La responsabilidad patrimonial de la Administración es compatible con la disciplinaria y penal de la autoridad o empleado cuando concurran sus presupuestos. Cada una tiene finalidad y procedimiento distintos. La indemnización al perjudicado repara el daño; la sanción disciplinaria protege el correcto funcionamiento del servicio; y la pena responde a la comisión de un delito.

La exigencia penal al personal no suspende necesariamente el procedimiento patrimonial, salvo que la determinación de los hechos en la jurisdicción penal sea necesaria para resolver. Los hechos declarados probados por sentencia penal firme vinculan a la Administración.

11.6. Personal estatutario y daños laborales

Debe diferenciarse el daño que un profesional causa a un usuario durante el servicio del daño que el propio profesional sufre como consecuencia de su relación laboral o estatutaria. Las reclamaciones del personal por accidentes de trabajo, enfermedades profesionales o incumplimientos preventivos pueden corresponder a la jurisdicción social y no tramitarse como responsabilidad patrimonial ordinaria.

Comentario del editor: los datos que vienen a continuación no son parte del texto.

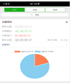 3、部門經(jīng)費(fèi)查詢結(jié)果如下圖所示:
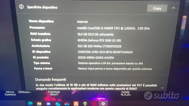 PC fisso da gaming dal prezzo trattabile Intel Core i5 Scheda video GeForce RTX 3060 16 GB RAM 1 TERA
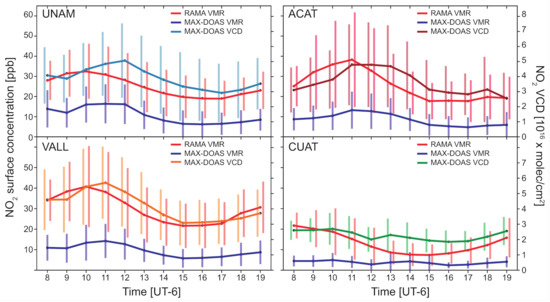 The diurnal cycles of the stations located within the city present maxima at 10–11 h LST, and a decrease in the afternoon due to the NO dilution effect in the mixed layer and various photochemical pathways. It can be noted that, on individual days, different behaviors can be observed depending on the meteorological conditions. These stations present correlation coefficients (0.62 < R < 0.73) revealing that the MAX-DOAS captures the variability rather well. In Cuautitlán, as mentioned above, there are various factors that contribute to a poor correlation with surface measurements (R = 0.34).
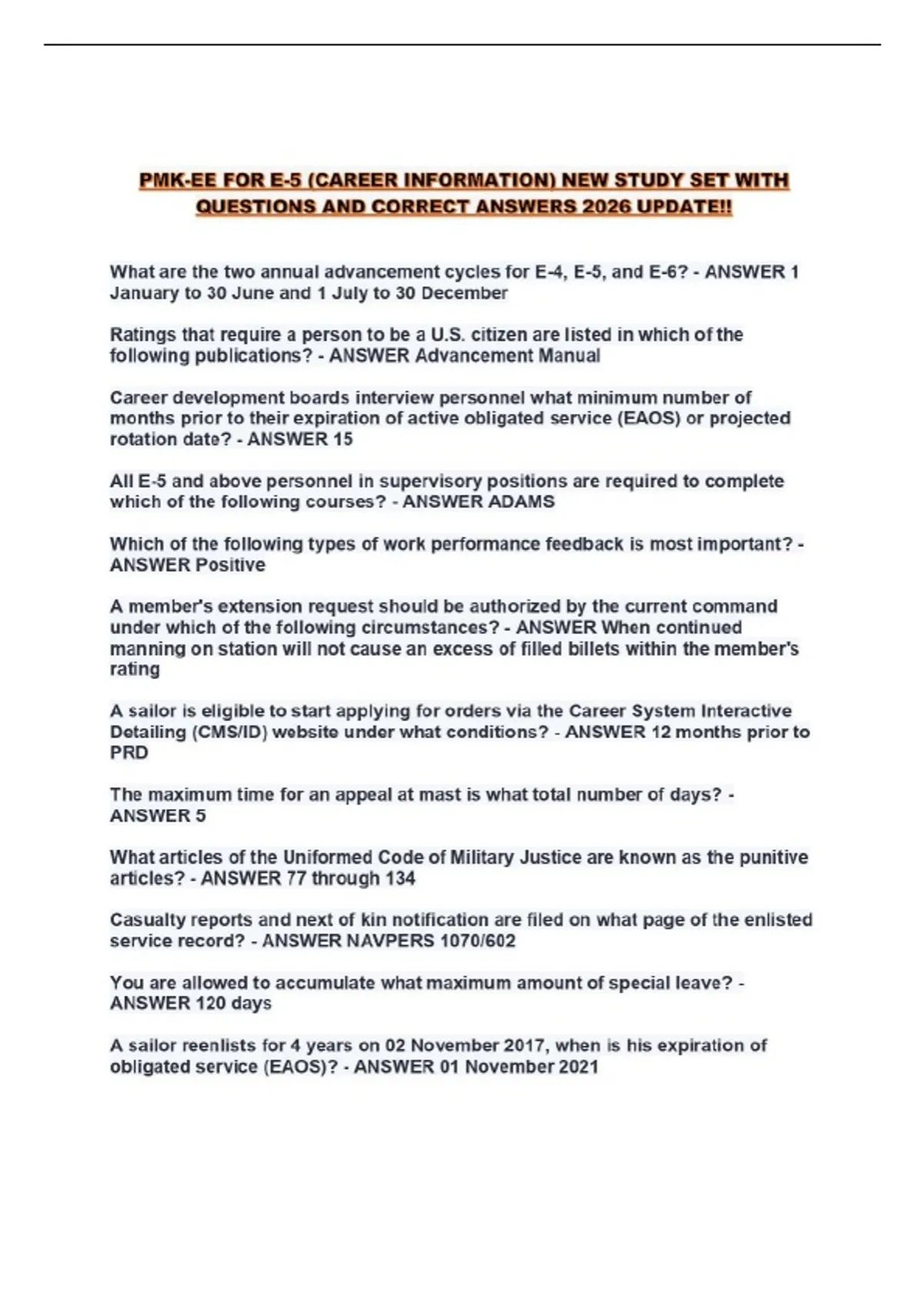PMK-EE FOR E-5 (CAREER INFORMATION) NEW STUDY SET WITH QUESTIONS AND CORRECT ANSWERS 2026 UPDATE!!...
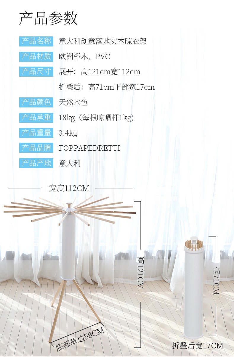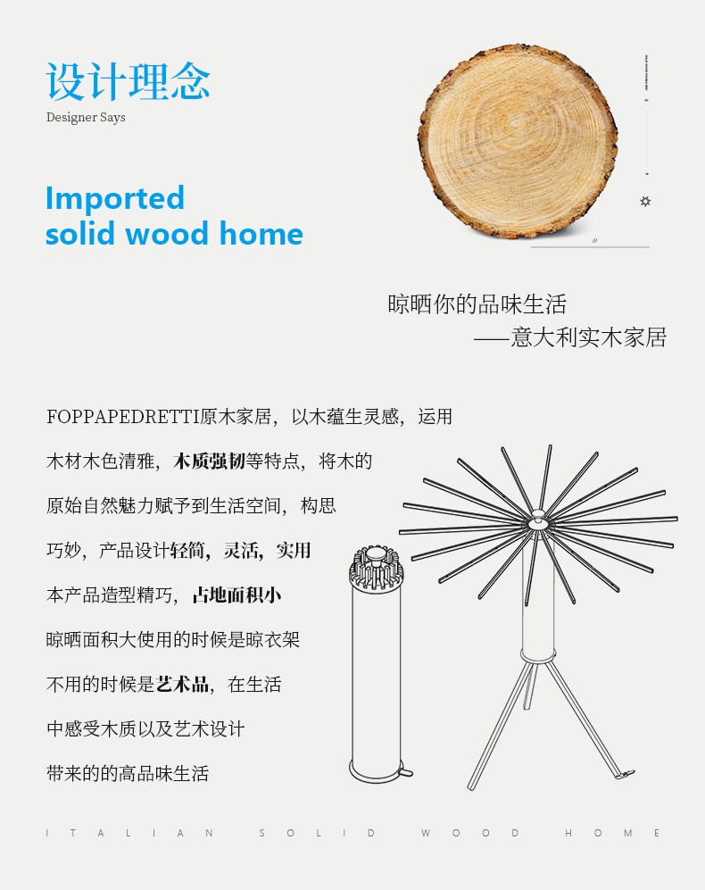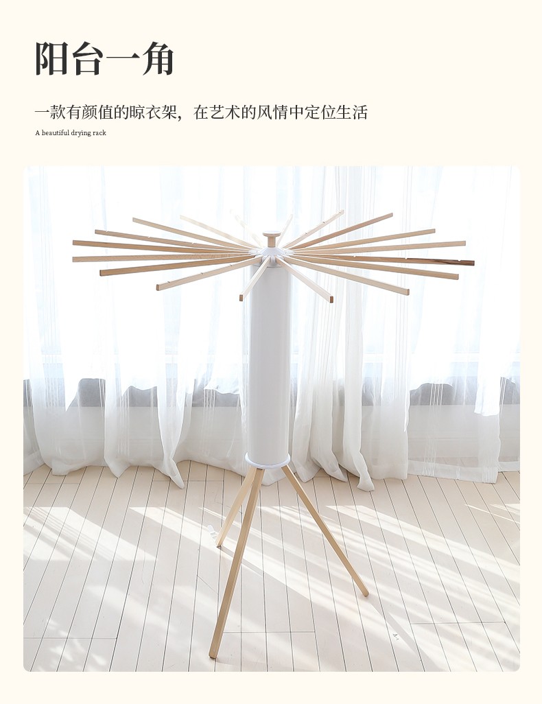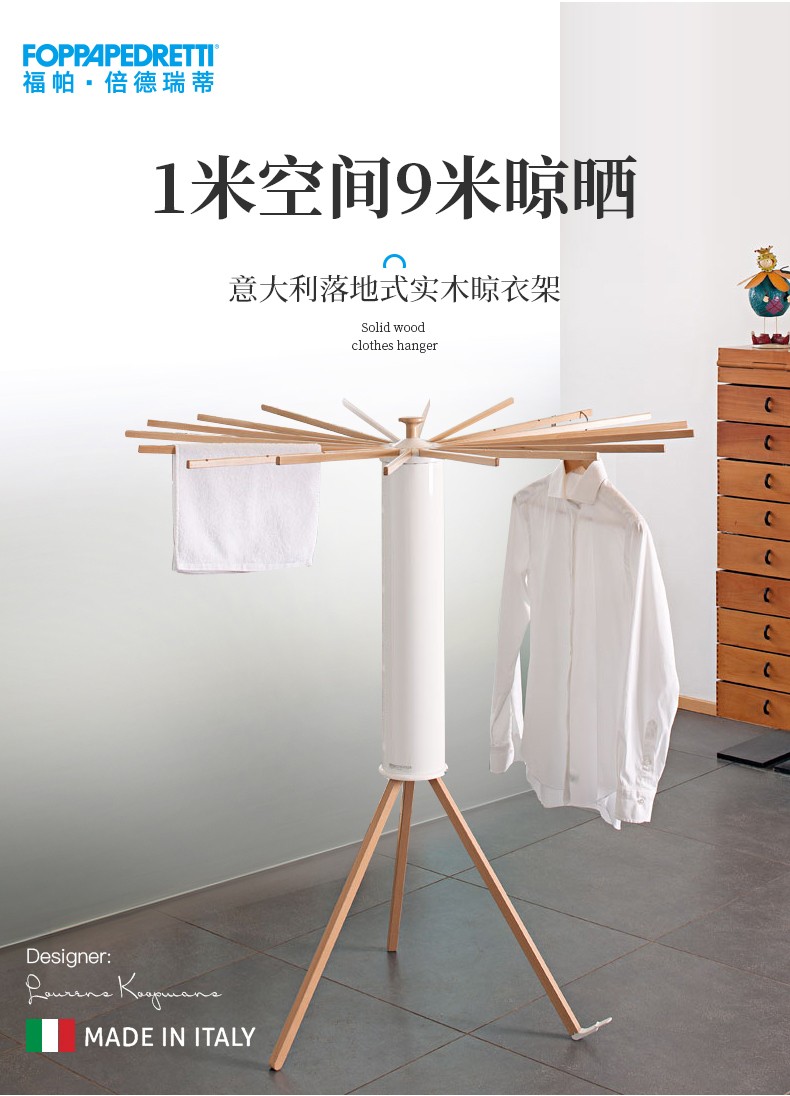 【6F】利快 落地晾衣架实木意大利进口章鱼形可折叠挂衣架阳台晒衣架
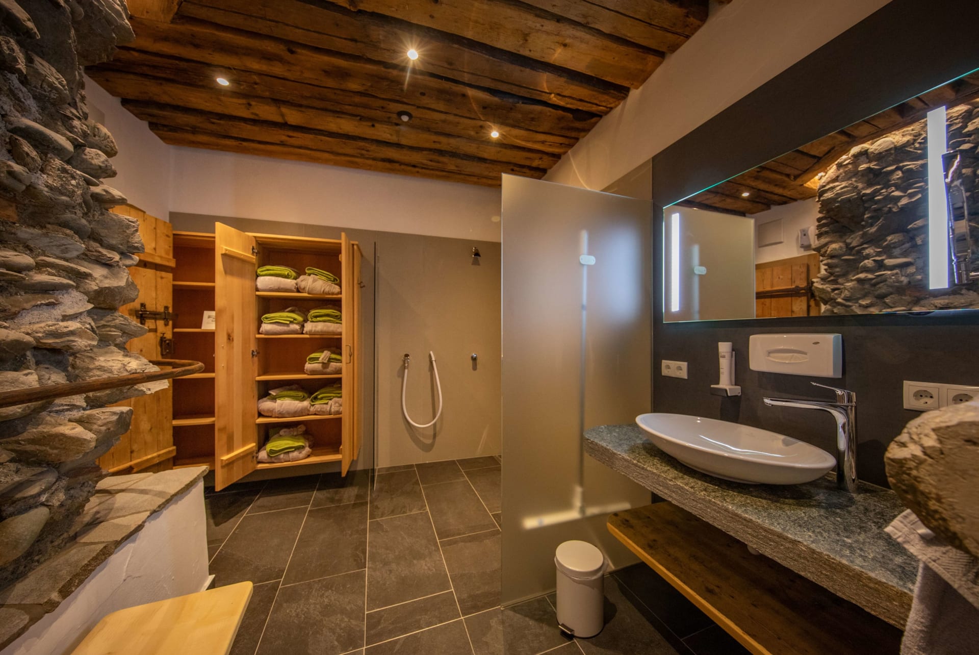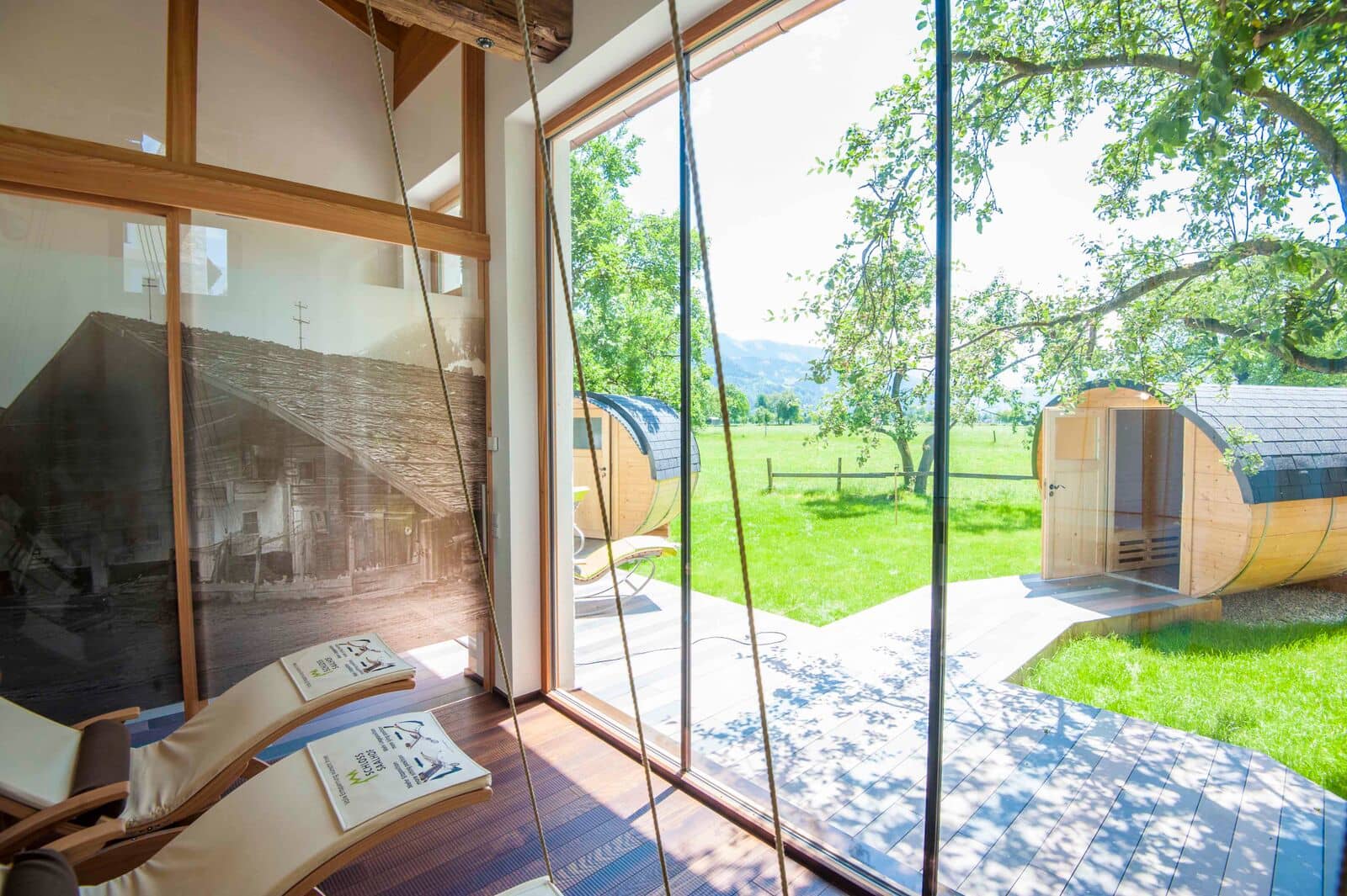 Lassen Sie den Alltag hinter sich in unserem Wellnessbereich mit Saunafassl, Infrarotkabine, Ruheraum mit Wellnessliegen und Schwaukelliegen mit großem Panoramafenster auf die Hohen Tauern. Oder nehmen Sie einfach ein Sonnenbad auf der großzügigen Terrasse. Auch unsere kleinen Gäste können den Wellnessbereich in Begleitung der Eltern nützen. Einen Leibademantel mit Saunatuch stellen wir gerne gegen Gebühr von € 5,- pro Aufenthalt zur Verfügung.

En un caso práctico del examen de TFA Administración General de la OEP 2021 se consideró incorrecto afirmar que los daños sufridos por personal estatutario a consecuencia de un accidente laboral debían tramitarse como responsabilidad patrimonial. La Administración actuaba como empleadora y la pretensión correspondía al orden social.

12. RESPONSABILIDAD POR ACTOS DE CONTRATISTAS Y CONCESIONARIOS

12.1. Regla general de la Ley de Contratos

El artículo 196 de la Ley 9/2017 establece que el contratista está obligado a indemnizar todos los daños y perjuicios causados a terceros como consecuencia de las operaciones que requiera la ejecución del contrato. La regla responde a que el contratista actúa por su cuenta y riesgo y debe asumir las consecuencias dañosas de su propia actividad empresarial.

12.2. Excepciones: orden inmediata y directa o vicios del proyecto

La Administración responde cuando los daños hayan sido ocasionados como consecuencia inmediata y directa de una orden suya. También responde por los daños derivados de vicios del proyecto en el contrato de obras, sin perjuicio de la posibilidad de repetir contra el redactor del proyecto conforme a la propia Ley de Contratos.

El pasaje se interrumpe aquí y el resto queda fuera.